Earlier this year, I reported on Democrats’ redistricting wins in 2025, highlighting gains in states like California and North Carolina. As of December 18, the landscape has shifted again, with new maps finalized, ongoing court battles, and looming implications for the 2026 midterms.

Here are some key developments since mid‑2025:

  • California: Voters approved Proposition 50 in November, allowing legislature‑drawn maps that eliminated three safe Republican seats and made two more competitive. Democrats in vulnerable districts were redrawn into friendlier territory.
  • Virginia: On December 15, Democrats in the House of Delegates pushed a constitutional amendment on redistricting during a special session.

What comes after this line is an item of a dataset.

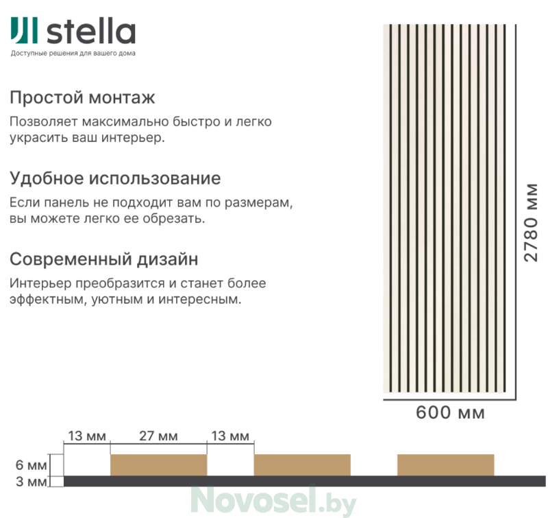 Производитель Stella Коллекция Comfort Standart Страна производства Россия Цвет бежево-коричневый, бежевый Материал МДФ, войлок Назначение для дверей, для потолка, для стен, под телевизор Помещение/здание для гостиной, для дачи, для дома/коттеджа, для зала, для квартиры, для комнаты, для коридора, для магазина/ТЦ, для офиса, для прихожей, для спальни Область применения внутри Поверхность рельефная Покрытие пленка Степень блеска мат Стиль лофт, современный Тон светлый Имитация материала дерево Имитация дерева пекан Количество штук в упаковке 1 Способ укладки клеевой Толщина, мм 9 мм Рисунок полоски Формат широкий Площадь панели, м.кв. 1.668 Форма прямоугольная Форма выпуска панель Длина, мм 2780 мм Тип соединения шип-паз Ширина, мм 600 мм Количество секций односекционные Вид реечные Освещение без подсветки Особенности вертикальные, интерьерные, наборные, цветные, экологичные Свойства акустические Размер панели 2780*600*9 мм

Republicans denounced the move as unconstitutional, setting up a legal and political fight ahead of the 2026 elections.
  • Other states in play:
    • Ohio, Texas, Utah, Missouri, North Carolina: New maps are already in effect, reshaping battlegrounds.
    • Florida and Maryland: Legislatures have begun steps toward redistricting, though maps are not yet finalized.
    • New York: Court challenges may force changes to existing maps before 2026.
    • National picture: According to VoteHub’s tracker, the current district breakdown stands at 189 Democratic‑leaning, 205 Republican‑leaning, and 41 highly competitive seats.

Implications for 2026

  • Democrats’ wins in California and North Carolina strengthen their position, but legal challenges in Virginia and New York could blunt momentum.
  • Republicans remain favored in Texas and Ohio, where maps were redrawn to secure GOP advantages.
  • The unusually high number of mid‑decade redistricting efforts — not seen at this scale since the 1800s — underscores how both parties are aggressively shaping the battlefield for 2026.
So, here's the BIG PICTURE: The December snapshot shows Democrats still benefiting from redistricting in key states, but the fight is far from settled. With courts weighing in and legislatures maneuvering, the balance of power heading into the 2026 House elections remains fluid. What began as clear Democratic wins earlier in 2025 has evolved into a multi‑front contest over maps, legality, and political control.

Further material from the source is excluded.